Chronique | Slipknot - We Are Not Your Kind

Pierre Sopor 8 août 2019

SLIPKNOT est devenu un monstre. On sait que le groupe qui autrefois divisait les auto-proclamés puristes est désormais devenu un des plus gros phénomènes de la scène metal, fédérant un public large et varié. Au fil des sorties, la bande a peaufiné ses riffs et ses atmosphères pour étoffer la rage et la haine brute qui l'animaient à ses débuts pour aboutir il y a cinq ans à The Gray Chapter, album impressionnant et varié à l'ambiance funèbre. Le groupe semble d'ailleurs maudit, tant le contexte dans lequel sort We Ar Not Your Kind est à nouveau compliqué, entre drames personnels et querelles internes.

Corey Taylor expliquait qu'avec ce sixième album, SLIPKNOT reviendrait à un son plus proche de ses deux premiers albums. Mouais : ce genre d'annonce, on connaît, et c'est rarement prometteur. Heureusement que Corey n'a pas dû écouter l'album. Parce qu'il faut environ deux minutes, soit le temps de laisser passer l'intro instrumentale Insert Coin (dommage qu'on ne retrouve pas une entrée en matière aussi puissante que XIX sur le précédent) et d'entendre les chœurs de Unsainted sur lesquels le chanteur vient coller son chant clair pour réaliser que non, SLIPKNOT ne se vautre pas dans la démarche nostalgique vaine de sens.

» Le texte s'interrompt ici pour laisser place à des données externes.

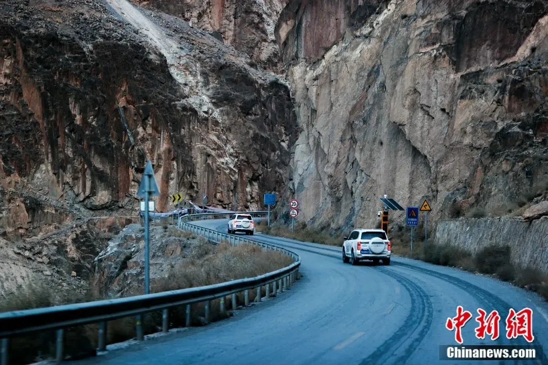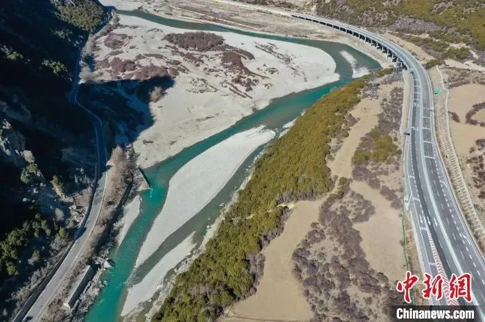 圖為部分養(yǎng)護(hù)路段(右)。(無人機(jī)照片)中新社記者 貢嘎來松 攝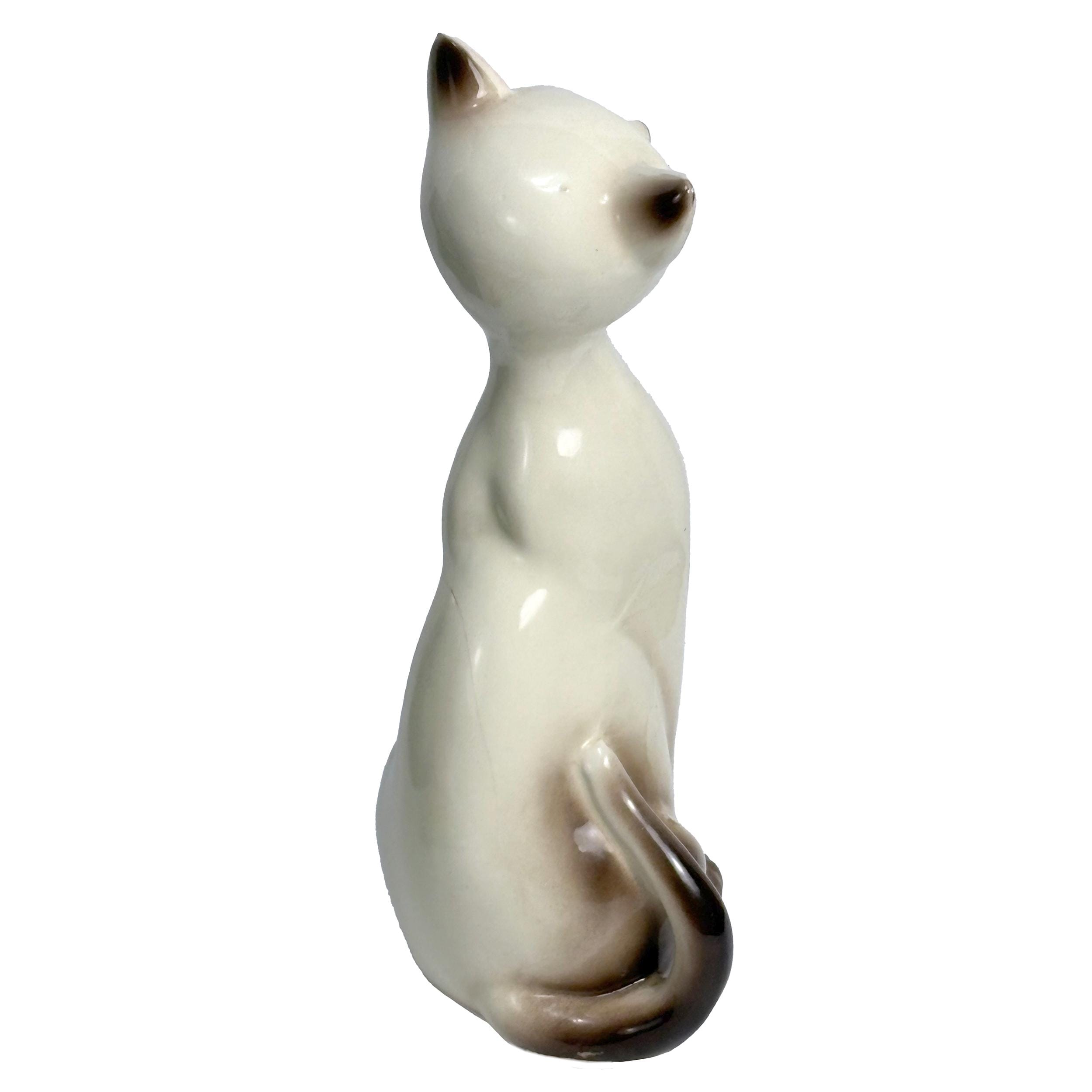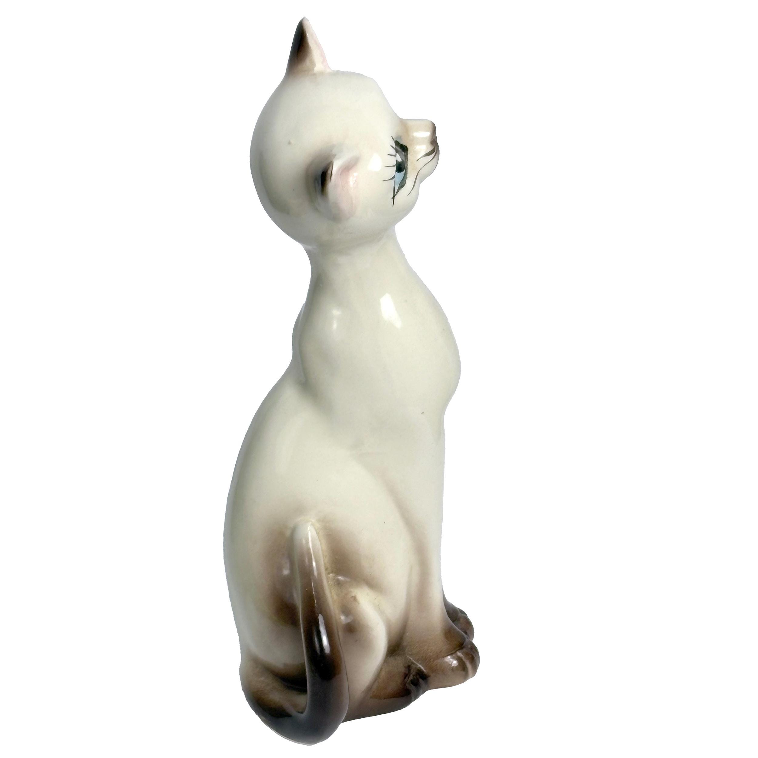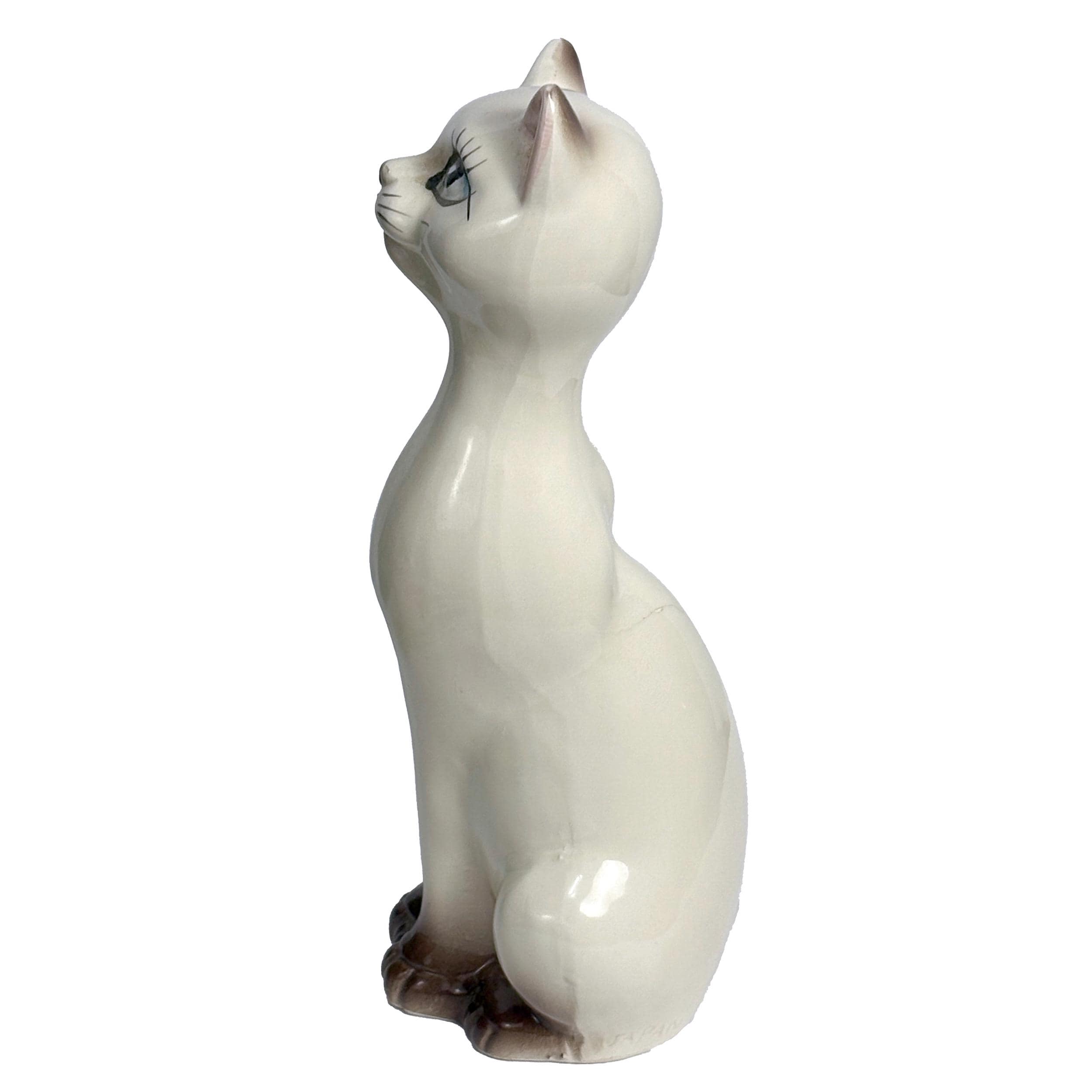 Mid-century vintage tall cat figurine measuring 9.5" tall and 4" x 3.5"

Certes, les acquis sont là : puissance des diverses percussions, alternance chant clair / beuglements, sauvagerie et mélodies, quelques scratchs... on est bien en terrain connu, mais la violence des débuts n'est pas le propos ici, bien que certaines rythmiques primitives et tribales aient des airs d'IOWA. C'est moins sale, moins rageur, moins haineux mais c'est aussi mieux fichu, plus riche et le tout baigne dans une ambiance dépressive et noire plutôt réussie.

S'ouvrir et se varier, ce n'est pas s'affaiblir. SLIPKNOT le prouve encore une fois : les meilleurs moments de We Are Not Your Kind ne sont pas ses plus violents, dont les coutures sont parfois trop apparentes pour convaincre (même si Nero Forte avec son hallucinant refrain qui fera cracher leurs cornflakes aux ayatollahs les plus bornés, Orphan et Red Flag sont assez jouissives dans le genre rouleau-compresseur), mais au contraire les passages où la troupe expérimente. Et We Are Not Your Kind est rempli de ces moments étranges ou atmosphériques, c'est sa principale force.

Ses nombreuses transitions cauchemardesques lient l'ensemble dans cet esprit bizarre, étonnamment nuancé. What's Next, par exemple, nous prépare à Spiders et sa mélodie lugubre qui lui confère des allures de comptines aux inspirations industrielles (on pense très fort au premier album de BLACK LIGHT BURNS), où les guitares arrêtent de nous matraquer à coups de gros riffs pour partir dans des directions plus inattendues et presque bruitistes. Il n'y aura pas de pogo en live ni de sentimentalisme exacerbé, mais c'est parmi ce que l'album propose de mieux : la sauce prend d'ailleurs moins bien avec My Pain, moins inspirée bien que tout aussi inattendue chez SLIPKNOT.

We Are Not Your Kind est un monstre polymorphe et légèrement boiteux : on a régulièrement l'impression d'écouter le travail d'artisans rodés et doués qui nous ressortent les habituelles rengaines, et puis, soudainement, SLIPKNOT met en avant cette facette que l'on devine depuis une grosse décennie maintenant plus libre, plus expérimentale, capable de piocher dans le gothique, l'industriel voire le rock progressif psychédélique des petites choses qui rendent tout de suite sa musique plus intrigante. Entre nous resservir une popotte qu'on a déjà goûté en mieux par le passé, qui passe toujours bien mais ne restera pas en mémoire, ou se libérer et explorer de nouvelles routes, SLIPKNOT n'a pas encore tranché mais We Are Not Your Kind augure peut-être d'une suite de carrière plus barrée et originale. Peut-être.